**What the task asks**:
Retype exactly the lines below, starting with the line that contains "Corn poppies with" and ending with the last line; leave out any pictures.
_____
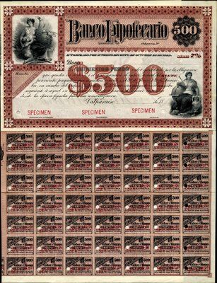 18--, ca.1883. 500 Pesos. Specimen Serie 7% Bond. Burgundy border. Allegorical woman with child and doves on upper left and seated allegorical woman with jar on lower right. Red specimen overprints, POC's and "00000" serial numbers. VF condition. Coupons attached. Rare Chilean bond. ABNC.
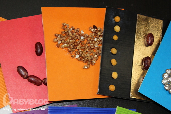 Пока ни чего не оторвалось и не отклеилось. Ну кроме круп конечно. Гречка оказалась самой сыпучей. При первом же просмотре Лерочка почти все отскрябала. :) Пришлось заново все приклеивать, но в этот раз клей еще и сверху гречки полила. Теперь держится хорошо.
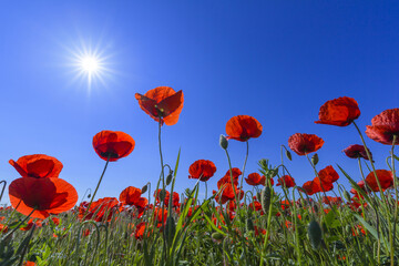 Corn poppies with sun shining brightly in spring at Lake Neusiedl in Burgenland, Austria
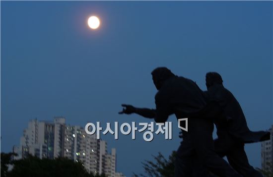 추석인 8일은 전국이 대체로 맑은 가운데 광주시 서구 치평동 상무지구 5.18기념공원에 슈퍼 보름달이 떴다. 더도말고 덜더말고 슈퍼문만 같아라 소원빌어보세요.
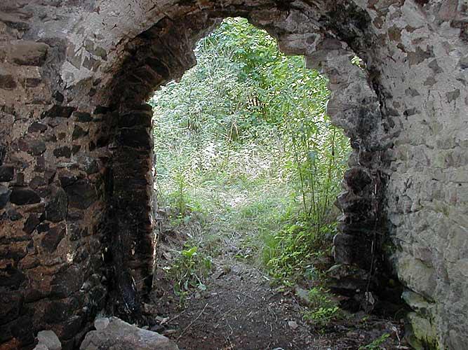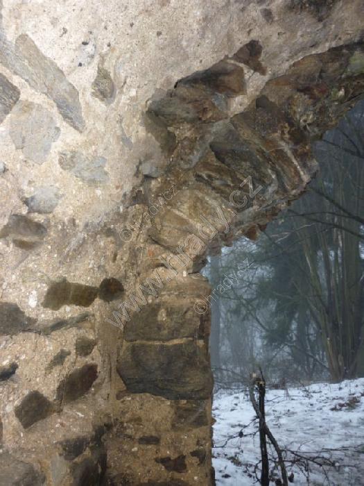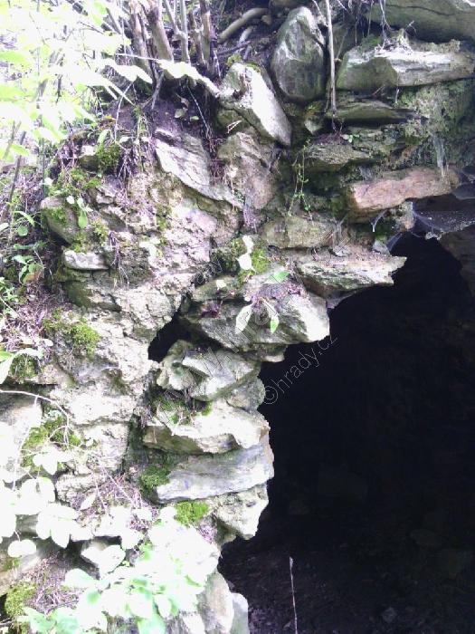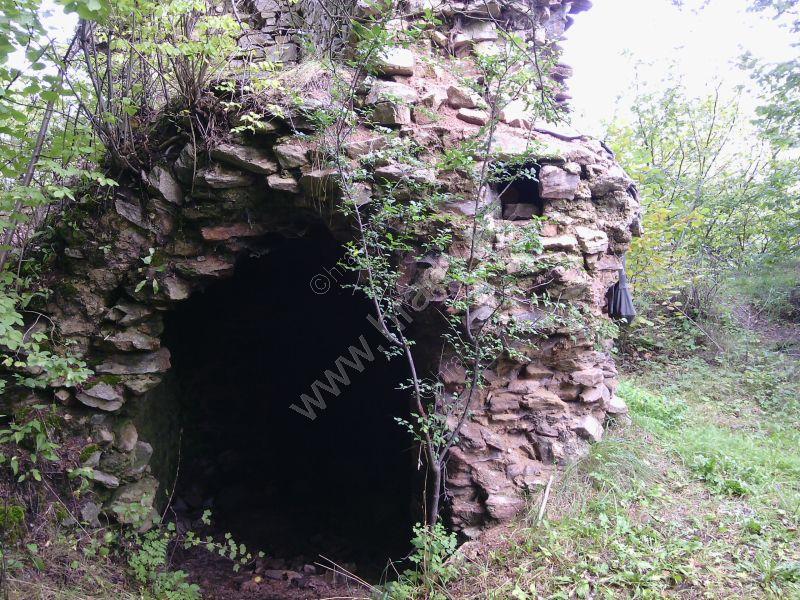 klenutá prostora, vepředu je v ní prolomen otvor, který má tvar L a je vidět opět zvenčí, k osvětlování či odvodu kouře jistě nesloužil
_____
**Output below**:
 Corn poppies with sun shining brightly in spring at Lake Neusiedl in Burgenland, Austria
 추석인 8일은 전국이 대체로 맑은 가운데 광주시 서구 치평동 상무지구 5.18기념공원에 슈퍼 보름달이 떴다. 더도말고 덜더말고 슈퍼문만 같아라 소원빌어보세요.
 klenutá prostora, vepředu je v ní prolomen otvor, který má tvar L a je vidět opět zvenčí, k osvětlování či odvodu kouře jistě nesloužil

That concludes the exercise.